ASSIGNMENT:
Without any images, write the listing below out word for word.

Start of DATASET EXCERPT

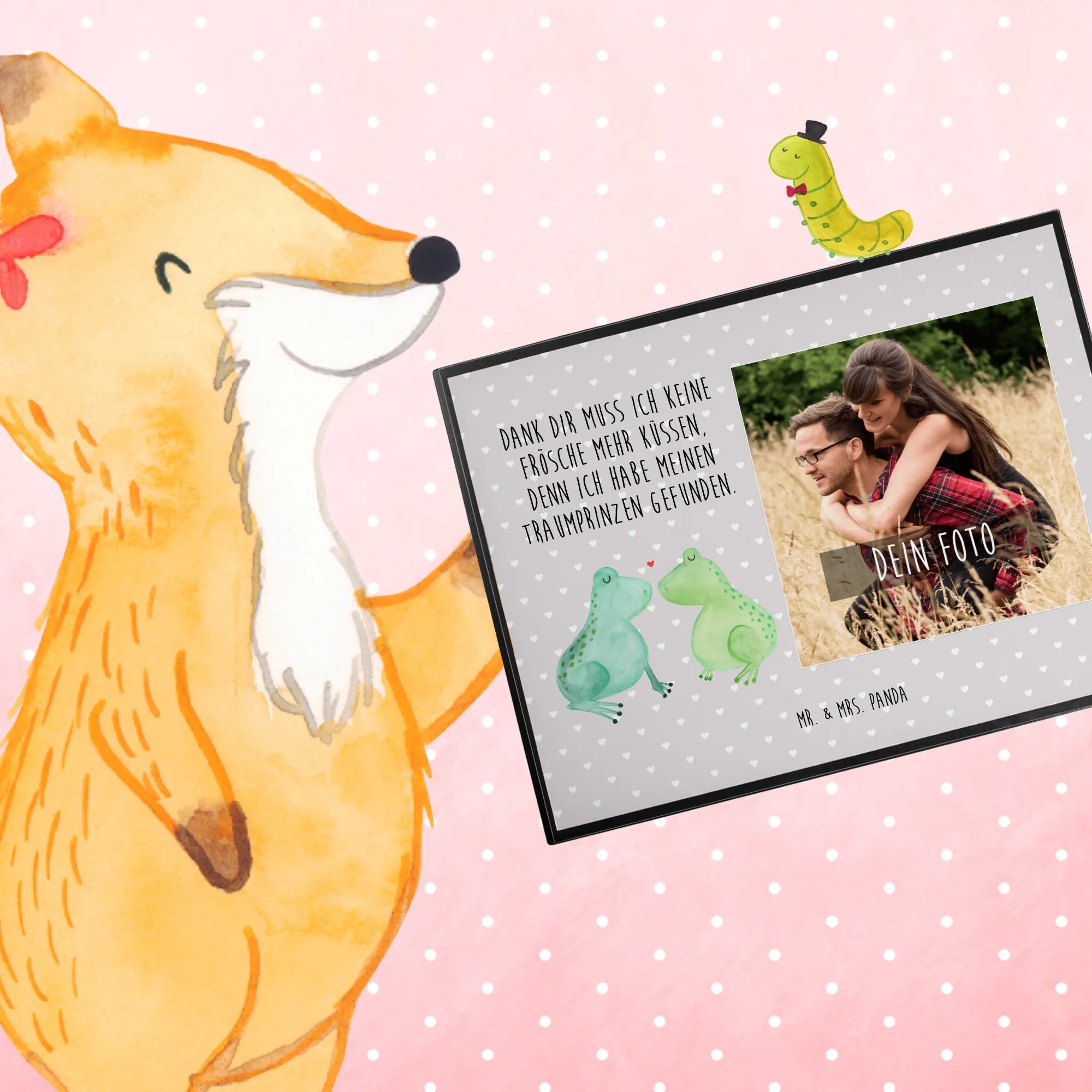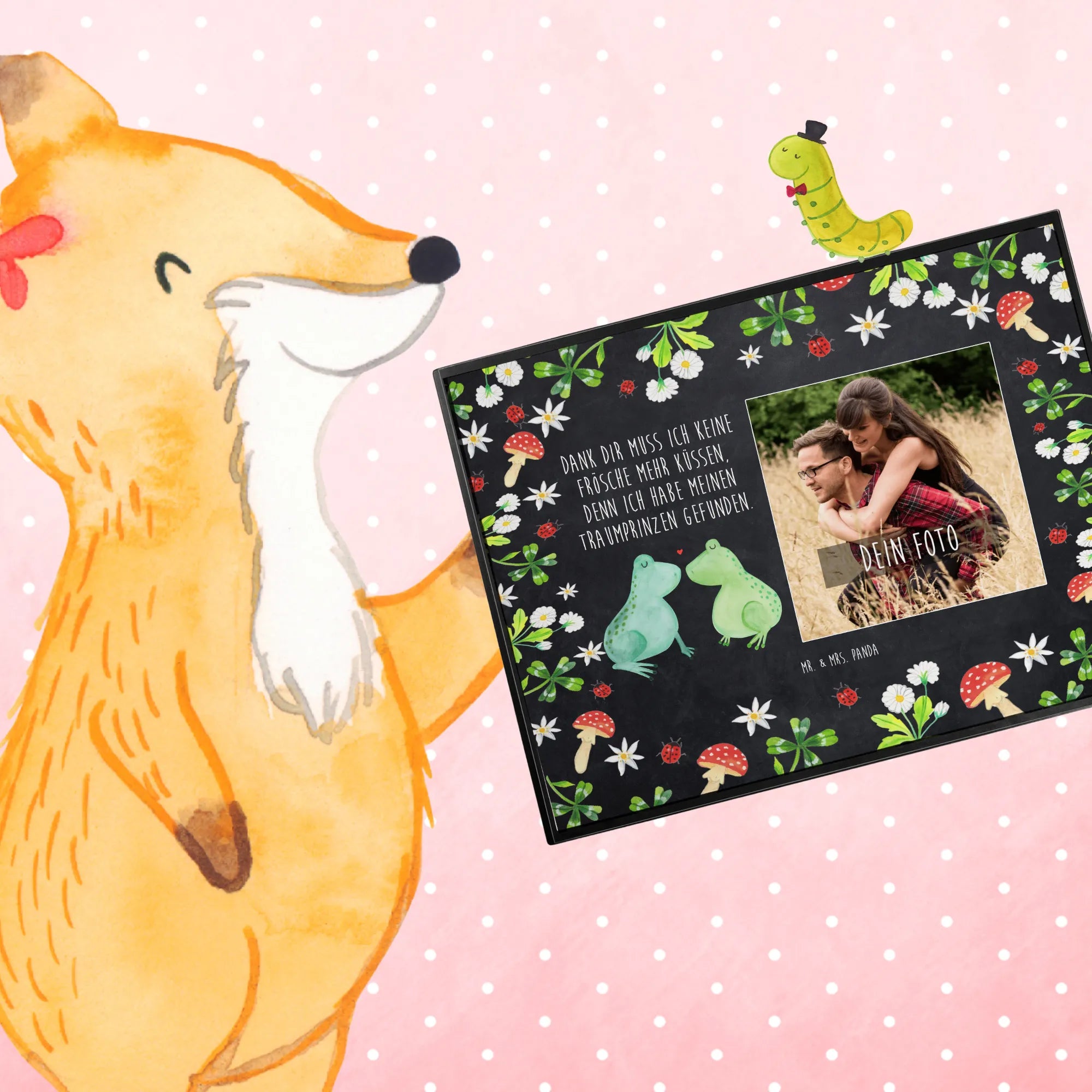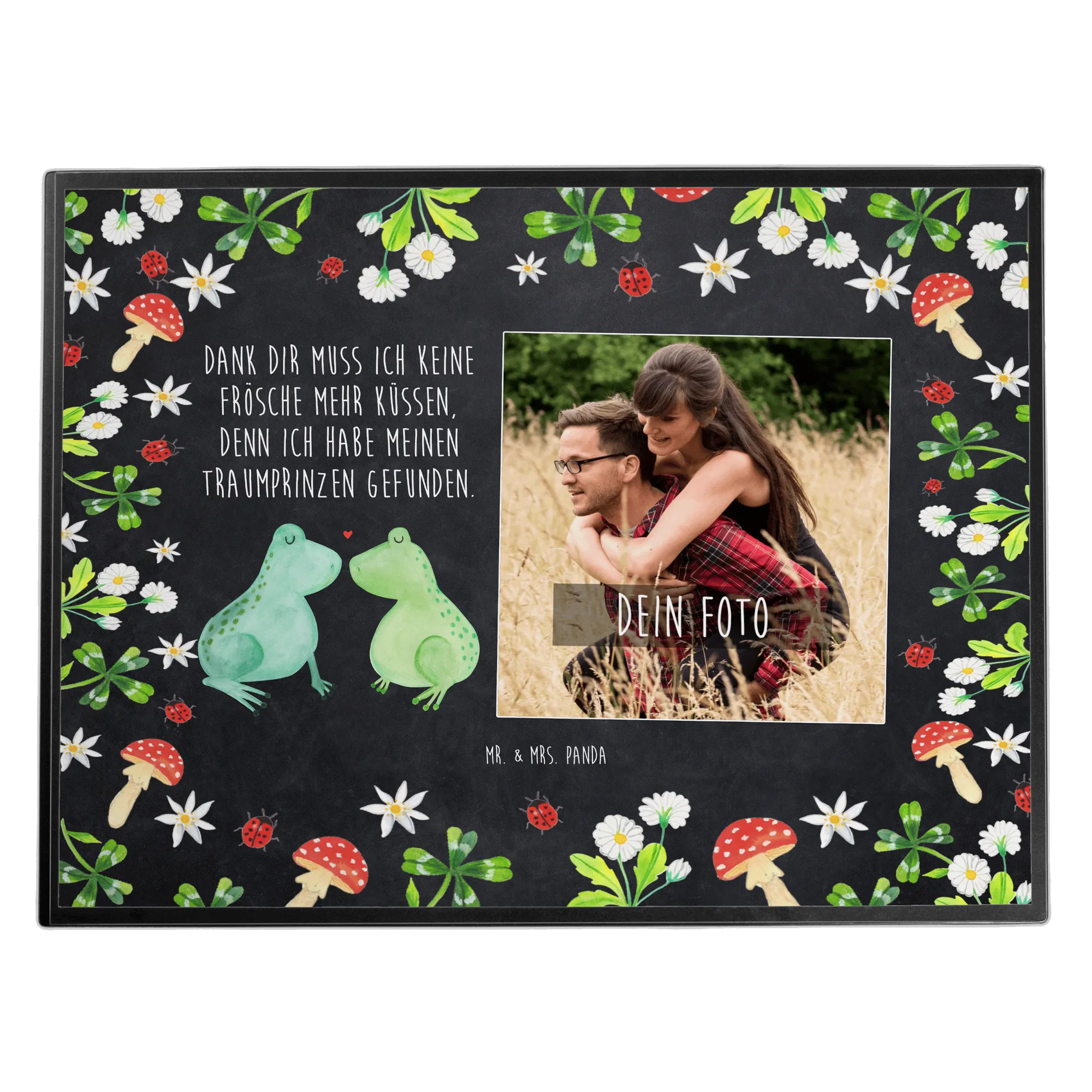 Die personalisierte Foto Schreibtischunterlage "Frosch Liebe" von Mr. & Mrs. Panda ist das perfekte Geschenk für alle Verliebten! Ob zum Jahrestag, zur Verlobung oder einfach nur als süße Geste – diese Schreibtischunterlage vereint Funktionalität und Liebe auf eine ganz besondere Art.
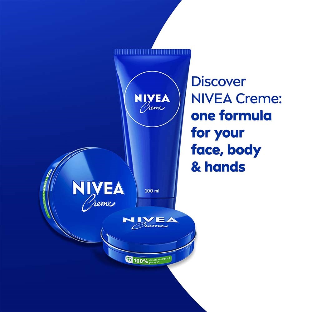 – Intensywna pielęgnacja – Nawilża nawet bardzo suche miejsca- Krem nawilżający- Idealny do codziennego użytku- Przebadany dermatologicznie- Krem nawilżający odpowiedni dla wszystkich typów skóryKrem NIVEA Creme w tubie to kultowy krem NIVEA, teraz w formie tuby, idealny dla całej rodziny i do stosowania na całe ciało! Zapewnia skórze kompleksową ochronę, której potrzebuje, aby pozostać miękka i elastyczna. Krem nawilżający doskonale sprawdza się w codziennej pielęgnacji, gdy Twoja skóra potrzebuje troski. Ta intensywnie pielęgnująca formuła nawilża skórę i zmiękcza nawet bardzo suche obszary ciała, dlatego świetnie nadaje się do stosowania na łokcie, kolana, dłonie i twarz. Krem NIVEA Creme w tubie jest przebadany dermatologicznie i odpowiedni dla wszystkich typów skóry oraz dla osób w każdym wieku – zarówno dorosłych, jak i dzieci. Wypróbuj nasz krem NIVEA Creme w tubie – podziel się nim z całą rodziną i ciesz się gładką i miękką skórą!Sposób użycia:1. Nałóż na twarz, ciało lub dłonie i wmasuj2. Pozwól, aby krem wchłonął się w skórę3. Ponownie nałóż na szczególnie suche miejsca
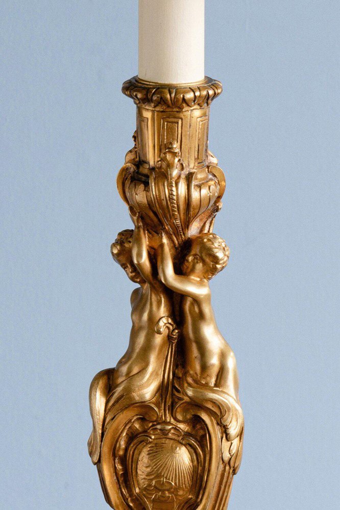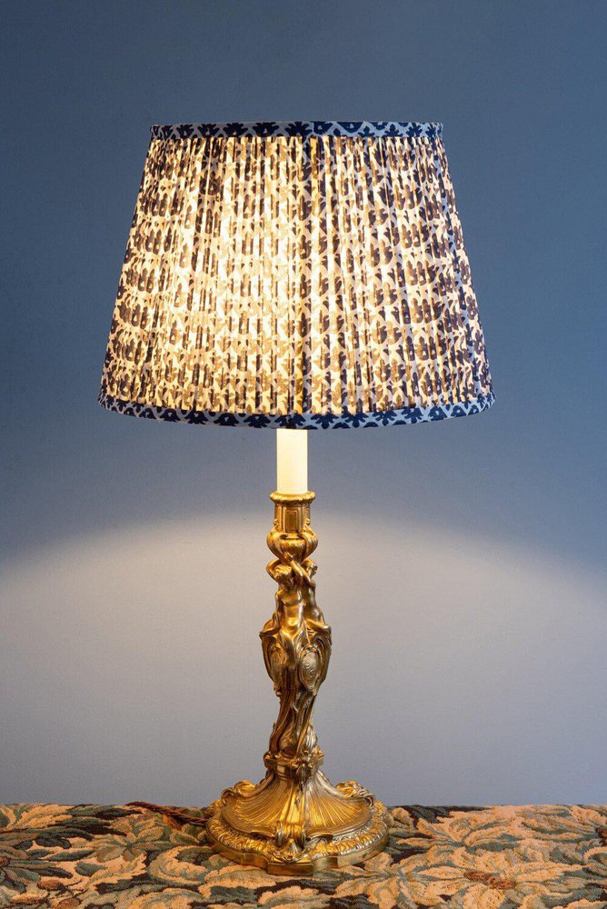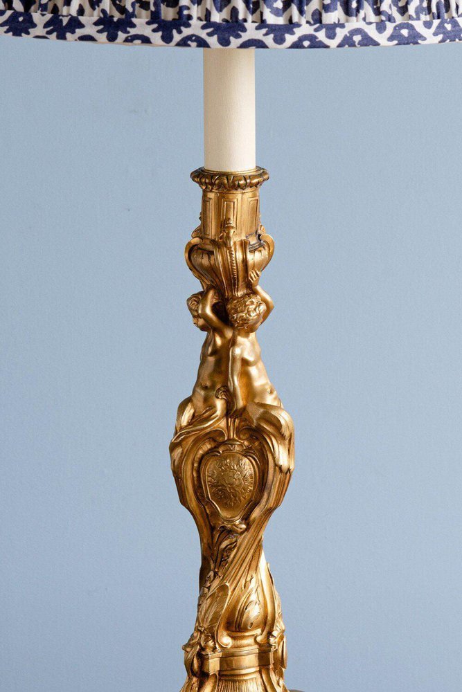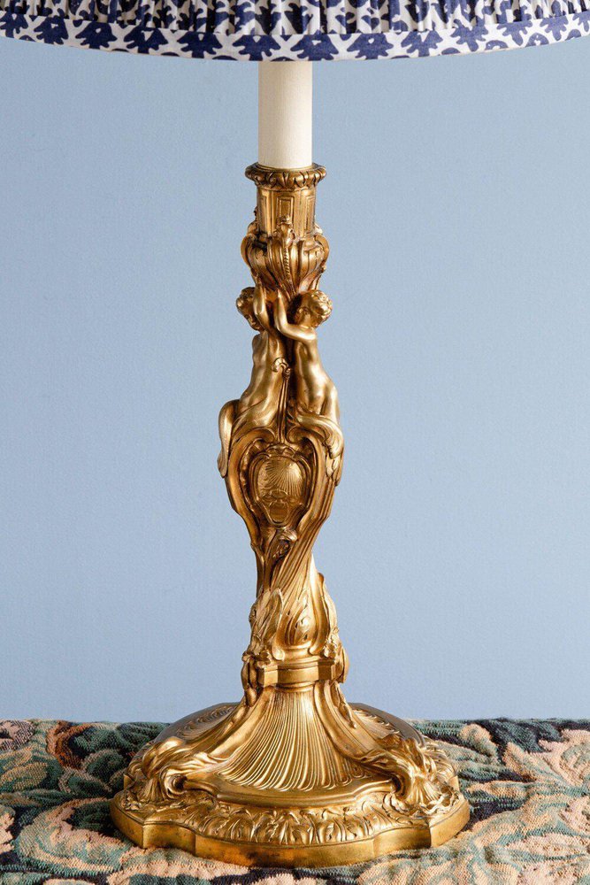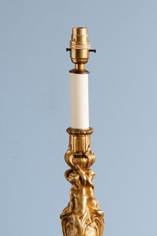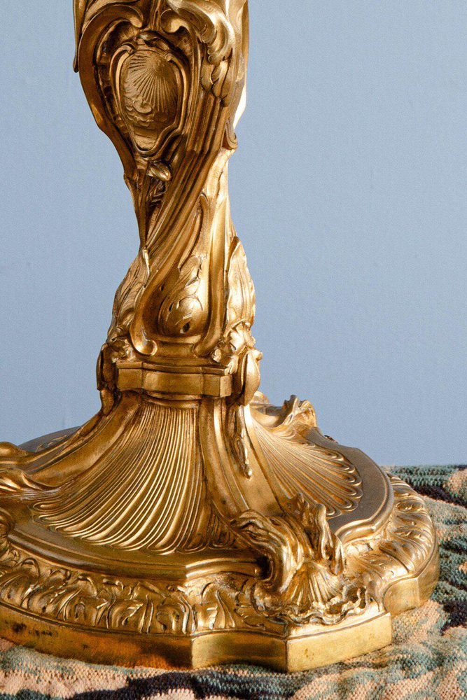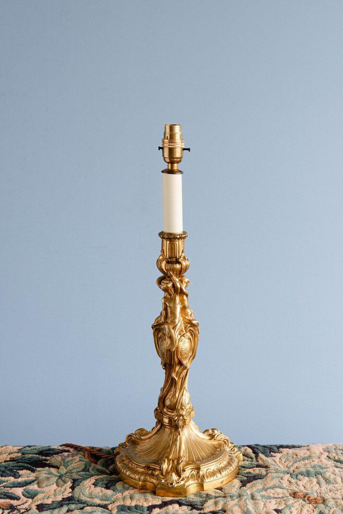 Lámpara de mesa francesa Luis XV de bronce dorado, década de 1800

End of DATASET EXCERPT

ANSWER SECTION:
 Die personalisierte Foto Schreibtischunterlage "Frosch Liebe" von Mr. & Mrs. Panda ist das perfekte Geschenk für alle Verliebten! Ob zum Jahrestag, zur Verlobung oder einfach nur als süße Geste – diese Schreibtischunterlage vereint Funktionalität und Liebe auf eine ganz besondere Art.
 – Intensywna pielęgnacja – Nawilża nawet bardzo suche miejsca- Krem nawilżający- Idealny do codziennego użytku- Przebadany dermatologicznie- Krem nawilżający odpowiedni dla wszystkich typów skóryKrem NIVEA Creme w tubie to kultowy krem NIVEA, teraz w formie tuby, idealny dla całej rodziny i do stosowania na całe ciało! Zapewnia skórze kompleksową ochronę, której potrzebuje, aby pozostać miękka i elastyczna. Krem nawilżający doskonale sprawdza się w codziennej pielęgnacji, gdy Twoja skóra potrzebuje troski. Ta intensywnie pielęgnująca formuła nawilża skórę i zmiękcza nawet bardzo suche obszary ciała, dlatego świetnie nadaje się do stosowania na łokcie, kolana, dłonie i twarz. Krem NIVEA Creme w tubie jest przebadany dermatologicznie i odpowiedni dla wszystkich typów skóry oraz dla osób w każdym wieku – zarówno dorosłych, jak i dzieci. Wypróbuj nasz krem NIVEA Creme w tubie – podziel się nim z całą rodziną i ciesz się gładką i miękką skórą!Sposób użycia:1. Nałóż na twarz, ciało lub dłonie i wmasuj2. Pozwól, aby krem wchłonął się w skórę3. Ponownie nałóż na szczególnie suche miejsca
 Lámpara de mesa francesa Luis XV de bronce dorado, década de 1800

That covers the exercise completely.